Mention the term “meaningful use” to many providers and you are likely to receive a long, agonizing groan in response. Although somewhat hesitant, many providers are, slowly, converting from paper-based records to web based electronic health records (EHRs). Whether this switch was prompted by added convenience, time savings, or an attractive bonus and avoidance of reimbursement penalties, the benefits of EHRs extend far past legitimizing a provider’s purchase of an iPad.

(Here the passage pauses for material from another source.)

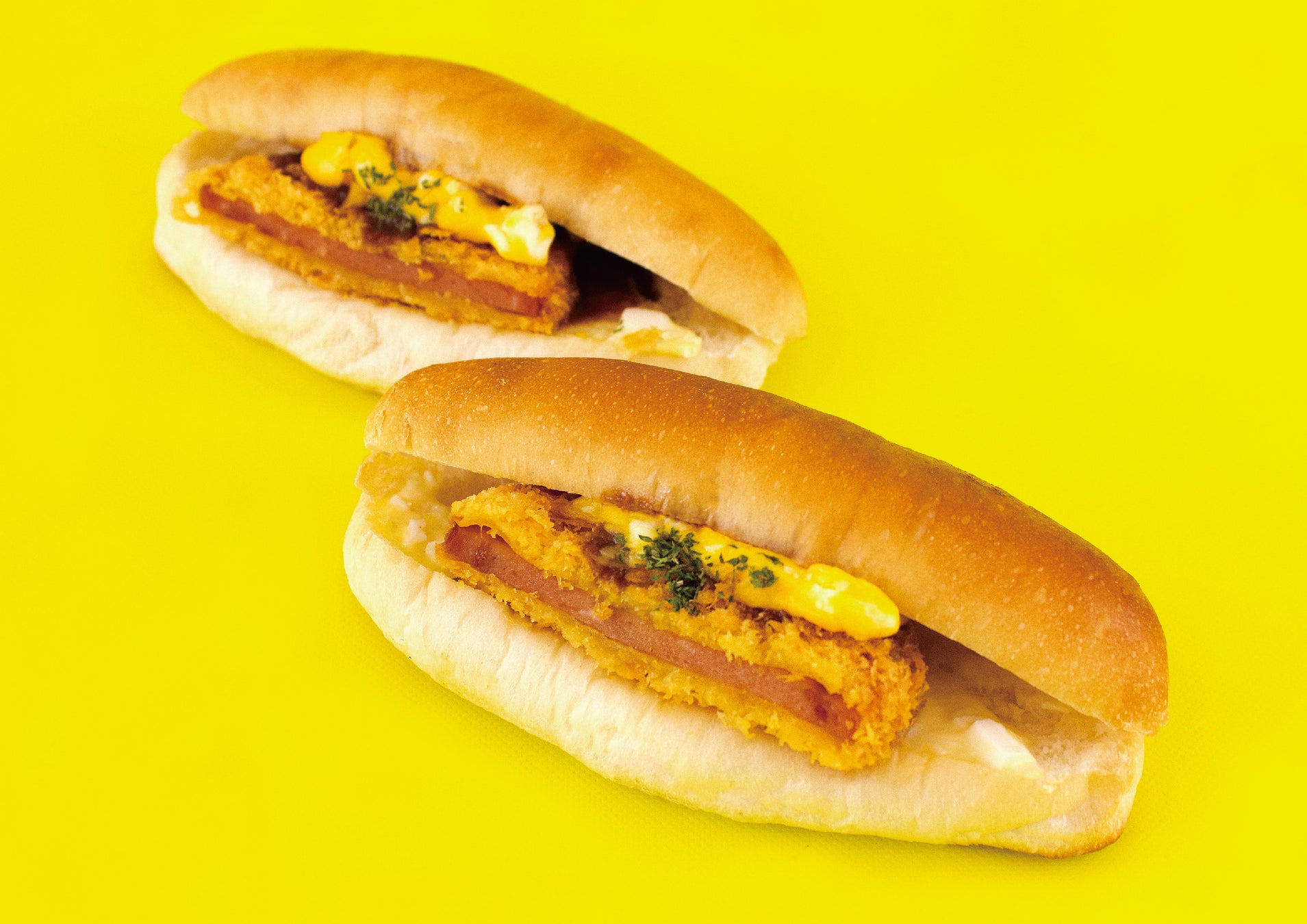 北海道産小麦を使用したバンズ生地にハムカツ・タマゴサラダ・タルタルソースをサンドし焼き上げました。ジューシーなハムカツにまろやかなタマゴサラダのコクがベストマッチ!

While savings in administrative costs and time and the conveniences that EHRs offer are apparent, and a hefty check from the government is certainly tangible, EHRs also greatly aid and simplify clinical studies. For example, a 2010 kidney disease study conducted at the Cleveland Clinic harnessed a portion of an EHRs potential. In the study, more than 1.1 million patients’ visits were reviewed; the sheer volume alone evidences a part of the EHRs power. Can you imagine a team of researchers painstakingly reviewing 1.1 million paper charts? Can you even imagine storing 1.1 million paper charts?
Furthermore, EHRs can “talk” with other databases multiplying the amount of information researchers have at their finger tips. In the Cleveland Clinic study, the clinic linked its database to the National Social Security Death Index to measure mortality rates of the patients. Also, the researchers planned to link to the Center for Medicare and Medicaid Services to validate chronic renal failure. Remember before when you contemplated abstracting over one million charts? Now add to that a few more million pieces of paper, and probably a few thousand dollars for more researchers, to equate the information attained by using an EHR and a few clicks of a mouse.
Additionally, the above case touched upon EHRs providing more “real world” statistics than those accumulated through a clinical trial. In a trial, certain procedures may be altered in order to comply with testing protocol; this small, or even large, deviation from the norm may not provide completely accurate information. Moreover, in a trial the “patient pool” is generally selected after a detailed application process which likely provides a more homogenous patient base. The EHR data, on the other hand, is neither artificial nor influenced; it is merely the documentation of a patient’s encounter.
EHR’s most certainly provide the above-mentioned benefits, but the benefits cited in the case may actually be the most fruitful from a patient’s standpoint. Giving researchers and doctors the ability to track and analyze an almost infinite amount of data will likely aid in the recognition of certain information that otherwise may have went unnoticed. Perhaps we will uncover a never before seen connection between a person’s height and Alzheimer’s disease, or an individual’s body mass index and lung cancer, or some other combination of a recordable piece of information and a disease. Ultimately, I believe the value of the EHR will not be measured in its convenience and costs savings, but rather, in its ability to assist provider’s and researchers as they continue to combat unidentifiable causes and cures for diseases.